**What you have to do:** Beginning with the line containing "3、把香菜茎用红椒裹成小束、装饰盘两边。" and ending at the last line of the data, set down every line exactly, leaving out all pictures.
# # # # # # #
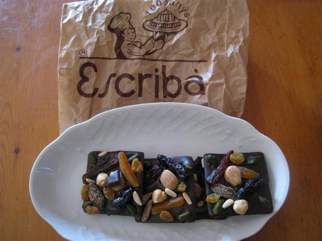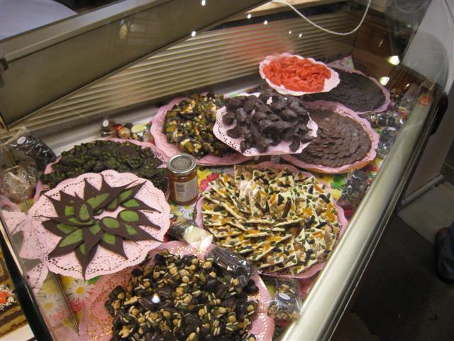 私もお土産にチョコレートを買おうと思い、一キロ70ユーロ以上もするチョコを調子に乗って8枚ほど頼むと、予算外の値段になったので、結局5枚にしました。3枚違うだけでも全然違った;どきん☆chanにもおすそ分けをしました。味はどうだったかな?実は私はまだ食べていません。明日食べよっと。ちなみに、私が買ったチョコレートは、これです。アーモンドやドライフルーツがのせられているものです。5cm四方ほどのものですが、一枚280円ほどかな。高い;;
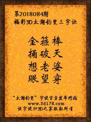 福彩第2018084期3d太湖字谜:金箍棒,捅破天,想老婆,眼望穿
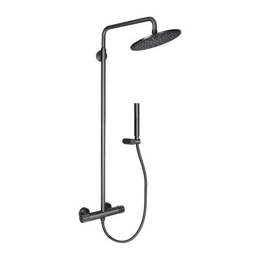 Колонна для душа "Q-TAP" Brno (колір, чорний космос) термостатична Арт.5769103ONK (труба+термостатичний змішувач+верхня лійка+шланг з лійкою)
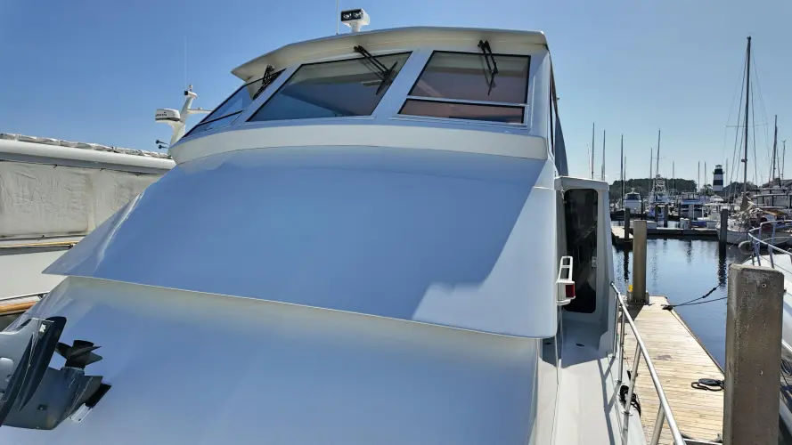 Step up into the bridge of this Viking 60 and take control of the helm with comfort. Updated Simrad electronic package for navigating your next trip. This flybridge is a fully enclosed conditioned space with great visibility. There is a molded in L shaped sofa and a secondary bench seat for guest to join the captain. There is a Yacht controller to remotely control mechanical systems for ease of maneuvering this Viking.
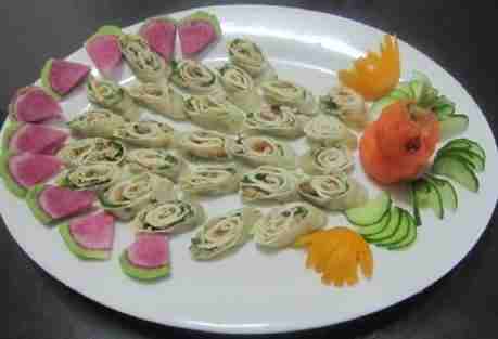 3、把香菜茎用红椒裹成小束、装饰盘两边。
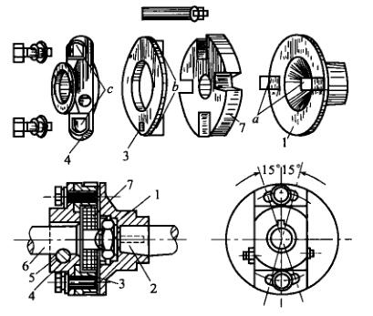 1-從動(dòng)凸緣盤2-噴油泵凸輪軸3-中間凸緣盤4-驅(qū)動(dòng)凸緣盤5-銷釘6-驅(qū)動(dòng)齒輪軸7-夾布膠木墊盤
# # # # # # #
**Exercise response:**
 3、把香菜茎用红椒裹成小束、装饰盘两边。
 1-從動(dòng)凸緣盤2-噴油泵凸輪軸3-中間凸緣盤4-驅(qū)動(dòng)凸緣盤5-銷釘6-驅(qū)動(dòng)齒輪軸7-夾布膠木墊盤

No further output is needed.